====== DATA SEGMENT

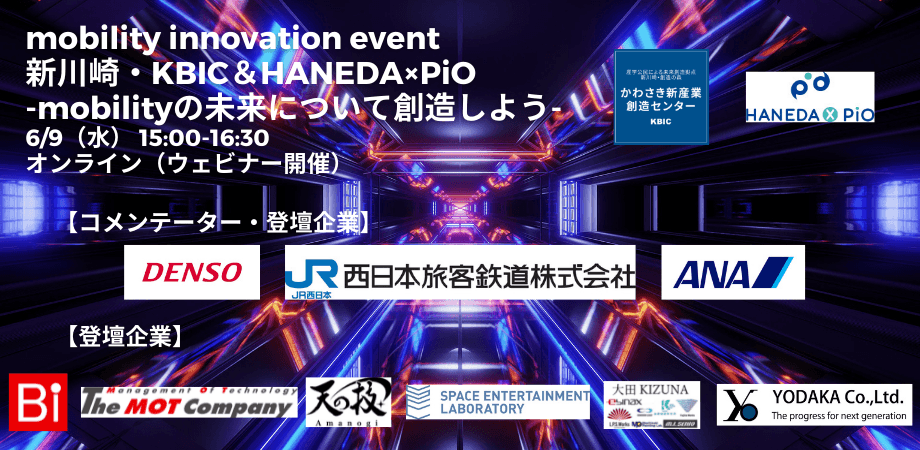ものづくりベンチャー企業が研究開発拠点として集積している、かわさき新産業創造センター(所在地:神奈川県川崎市 以下、KBIC)は、大田区内企業をはじめ、国内外企業、大学・研究機関、起業家・スタートアップなどが集積する拠点「HANEDA×PiO(以下、ハネダピオ)」との合同イベント『【陸・空mobility大企業も集結】mobility innovation event 新川崎・KBIC&HANEDA×PiO-mobilityの未来について創造しよう-』を6月9日(水)15時から開催します。
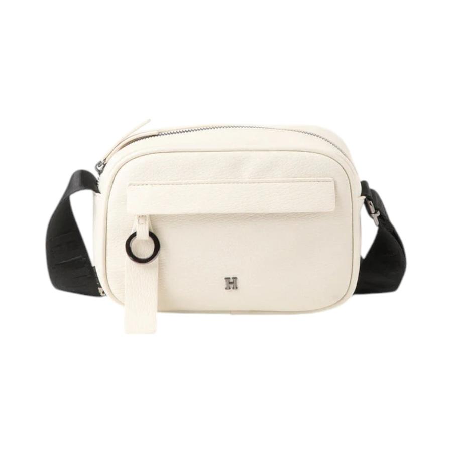 La cartera Humana Brenda en ecocuero Blanco es un accesorio elegante y funcional, ideal para el día a día. Su correa de tela ajustable permite llevarla cómodamente como cartera de hombro o cruzada. Con un diseño práctico, incluye un bolsillo con cierre en el interior y otro en el frente con un tirador de argolla metálica. Los detalles metálicos en color Blanco oscuro, incluyendo los cierres, tiradores y el logo, aportan un toque sofisticado.
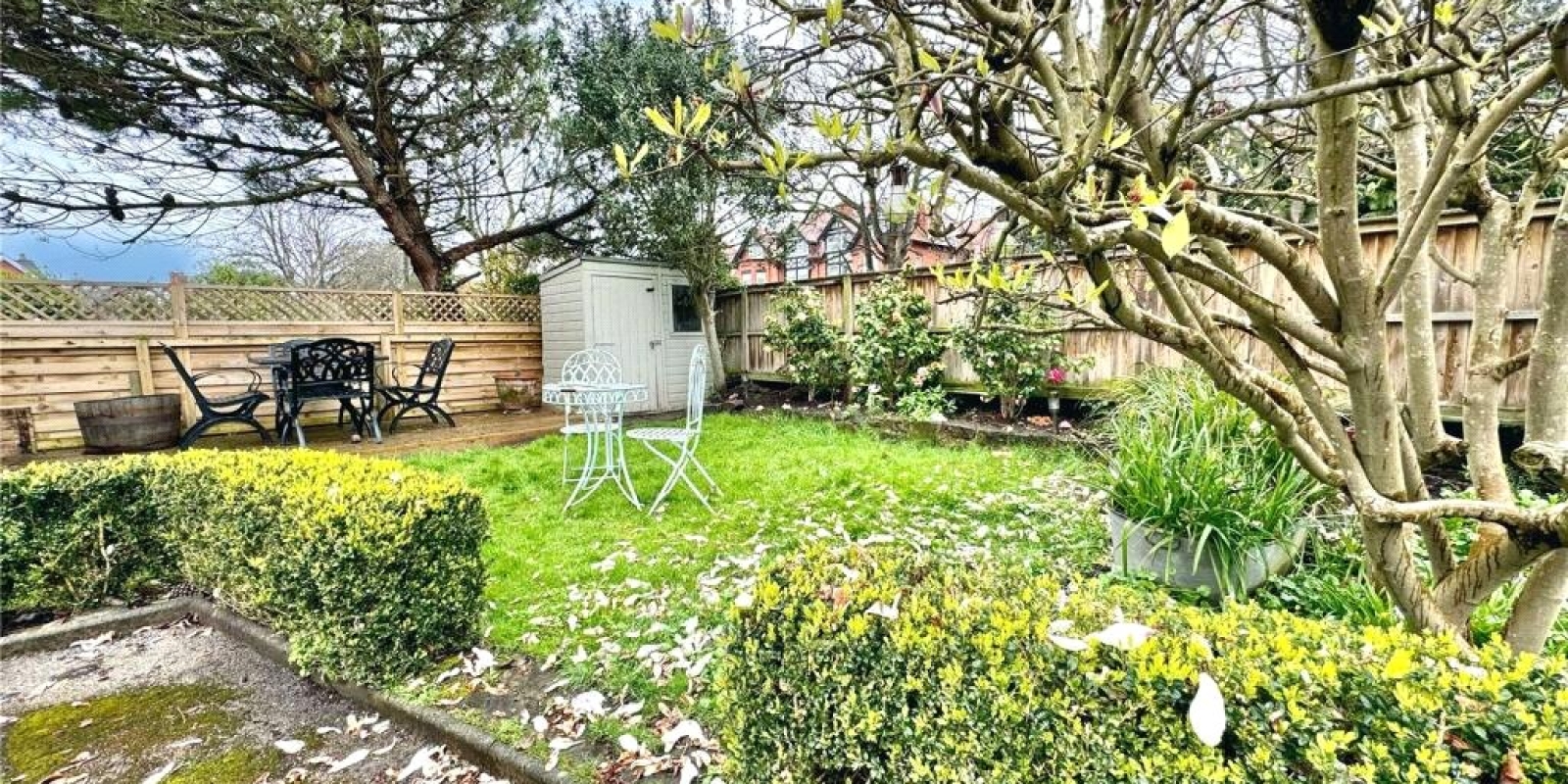The property benefits from the rare advantage of a private front garden and off-street parking, adding both kerb appeal and everyday convenience.
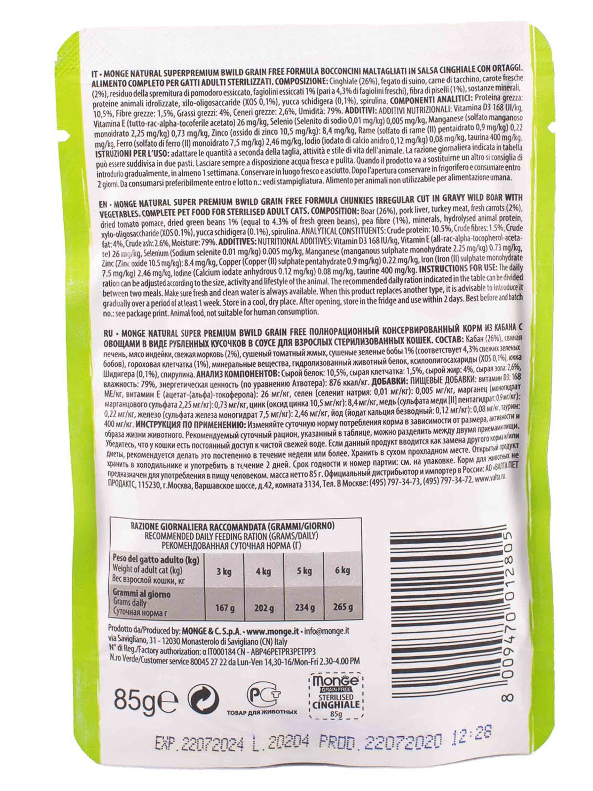 Влажный корм для стерилизованных кошек Monge Cat Bwild Graifree дикий кабан/овощи 85 г

============

§ WORK REQUEST
Within the listing above, find the line containing "La cartera Humana", then print it and every line after it exactly, leaving out pictures.

§ RESPONSE TO THE EXERCISE
 La cartera Humana Brenda en ecocuero Blanco es un accesorio elegante y funcional, ideal para el día a día. Su correa de tela ajustable permite llevarla cómodamente como cartera de hombro o cruzada. Con un diseño práctico, incluye un bolsillo con cierre en el interior y otro en el frente con un tirador de argolla metálica. Los detalles metálicos en color Blanco oscuro, incluyendo los cierres, tiradores y el logo, aportan un toque sofisticado.
The property benefits from the rare advantage of a private front garden and off-street parking, adding both kerb appeal and everyday convenience.
 Влажный корм для стерилизованных кошек Monge Cat Bwild Graifree дикий кабан/овощи 85 г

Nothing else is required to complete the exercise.